·Convertirà el corazòn de los padres hacia los hijos, y el corazón de los hijos hacia
los padres, para que no tenga que venir yo a destruir la Tierra" Malaquías
3,24.
Esa idea de la destrucción de la Tierra, tipo diluvio, o de la
cólera desencadenada de Dios, que no es otra cosa sino el desenvolvimiento de
las consecuencias de los pecados de los hombres, que explica muy bien Santo
Tomás; esa parte es más comprensible.
Centrarnos en convertir
los corazones de los padres hacia los hijos y el corazón de los hijos hacia los
padres.
Esa expresión es rara, porque la conversión en los profetas
siempre había sido una conversión hacia Dios, y parece que tal vez eso esté
como entendido , pero el enunciado es muy distinto.
Convertirá el corazón de los hijos, de los padres hacia los
hijos y el de los hijos hacia los padres.
Esta palabra de Malaquías ha atravesado muchos siglos. Es como
un correo esforzado, como un mensajero que ha tenido que vencer muchos
obstáculos. Fue predicada por primera vez en hebreo hace muchos siglos, y luego
de allá fue rescatada del olvido.
Tuvo que abrirse paso entre culturas, idiomas, siglos, hasta
llegar finalmente a nosotros y ser servida aquí. Es todo un regalo. Es una
palabra que ha recorrido muchísimo para llegar a mis oídos, y llega hasta mí
como una especie de regalo
envuelto.
Nos llega este regalo , "convertir al corazón de los padres
hacia los hijos y el de los hijos hacia los padres" Malaquías 3,24.
Ahí está, ¿no se parece, acaso mucho, lo que dice el
Apocalipsis? "Estoy frente a la puerta y llamo, y si alguno me abre
entraremos y cenaremos juntos" Apocalipsis 3,20. De
manera que aquí estaremos.
"Los corazones de
los padres hacia los hijos y de los hijos hacia los padres?" Malaquías 3,24.
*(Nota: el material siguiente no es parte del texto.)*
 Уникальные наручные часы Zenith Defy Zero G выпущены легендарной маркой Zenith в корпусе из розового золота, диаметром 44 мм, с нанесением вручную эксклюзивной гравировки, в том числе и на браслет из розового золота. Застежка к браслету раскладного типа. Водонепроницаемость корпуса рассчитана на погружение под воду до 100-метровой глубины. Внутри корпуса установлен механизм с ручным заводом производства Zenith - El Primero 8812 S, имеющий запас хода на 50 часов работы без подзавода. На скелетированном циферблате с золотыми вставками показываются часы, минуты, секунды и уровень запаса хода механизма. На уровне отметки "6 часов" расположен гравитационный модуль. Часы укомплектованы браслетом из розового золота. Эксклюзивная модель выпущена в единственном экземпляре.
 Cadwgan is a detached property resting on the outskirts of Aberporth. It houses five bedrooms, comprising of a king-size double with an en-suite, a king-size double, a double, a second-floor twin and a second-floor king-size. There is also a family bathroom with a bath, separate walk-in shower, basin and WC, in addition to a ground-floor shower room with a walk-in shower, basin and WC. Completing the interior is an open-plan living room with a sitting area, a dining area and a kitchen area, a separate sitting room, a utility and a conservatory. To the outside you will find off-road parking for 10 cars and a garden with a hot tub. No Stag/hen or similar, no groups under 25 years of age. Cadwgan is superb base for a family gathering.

El sentido parece ser el siguiente: convertir el corazón de los
padres hacia el de los hijos quiere decir que los padres puedan recibir los
mismos bienes de los hijos; y convertir el corazón de los hijos hacia los
padres quiere decir que los hijos puedan ser herederos de las mismas promesas.
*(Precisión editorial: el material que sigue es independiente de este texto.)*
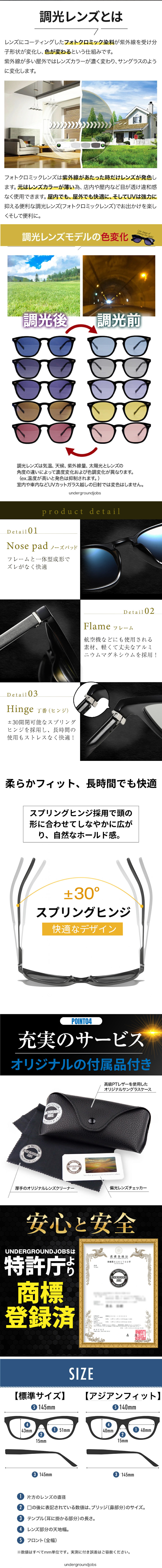 | 素材 | フレーム材質:プラスチック テンプル材質:チタン合金 レンズ材質:プラスチック(アクリル)※調光偏光レンズ |
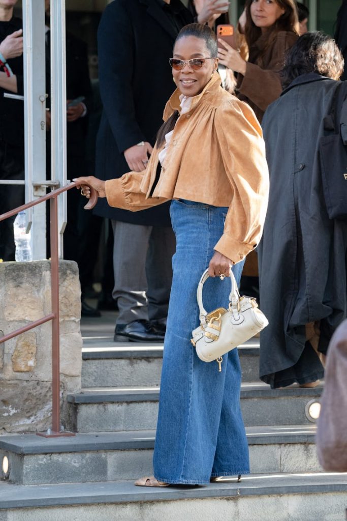 Oprah carried the iconic Chloé Paddington satchel in rich brown leather, complete with its signature rivets, flap closure, and oversized lock hardware. The piece didn’t just complement the outfit, it elevated it, adding texture, history, and a sense of quiet luxury.
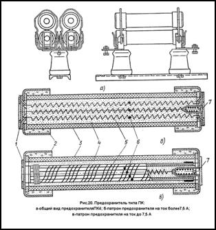 Патрон ПК вставляется в контакты, укреплённые на опорных изоляторах (рис. 20, а). В зависимости от номинального тока в предохранителях может быть один, два, четыре патрона (ПК1, ПК2, ПК4).
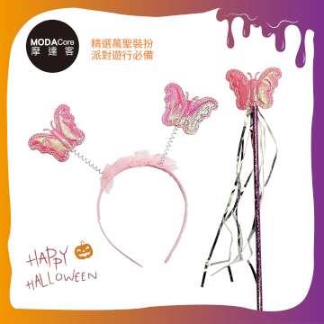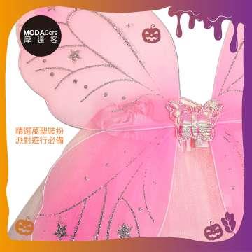 摩達客萬聖★Cosplay派對裝扮變裝★兒童蝴蝶翅膀紗裙四件組-粉色 翅膀/紗裙/髮箍/手杖

Los padres representan aquí a aquellos Patriarcas que recibieron
las promesas de Dios, y los hijos representan aquí a aquellos que recibieron el
cumplimiento de esas promesas de Dios.
Esta lectura o este versículo de Malaquías lo podemos relacionar
con aquello que dijo el Señor en el Evangelio en otra ocasión: "Dichosos
vuestros ojos porque ven; dichosos vuestros oídos porque oyen.
Porque hubo muchos reyes y profetas que quisieron ver lo que
vosotros veis y no lo vieron, que quisieron oír lo que vosotros oís y no lo
oyeron" San Mateo 13,16-17. Esos reyes y profetas
que dice Jesús son los padres que dice Malaquías, y esos vosotros que dice
Jesús, esos son los hijos que dice Malaquías.
Esos padres que dice Malaquías se corresponden al tiempo de las
promesas, y esos hijos de que nos habla el Profeta Malaquías son el
cumplimiento.
Convertir el corazón de los padres hacia los hijos quiere decir
entonces que toda promesa alcanzará su cumplimiento; y convertir el corazón de
los hijos hacia los padres quiere decir que todo cumplimiento se aprecia, se
valora para el que conoce la profecía.
Si los padres no vuelven su corazón hacia los hijos, es decir,
si el tiempo de las promesas no florece en un tiempo de cumplimiento, los
padres, es decir, los que recibieron las promesas, se quedan vacíos. Su espera
y su esperanza fueron estériles.
Si los hijos no vuelven su corazón hacia los padres, no sabrán
apreciar los regalos que les llegan, porque no sabrán el trabajo que eso costó.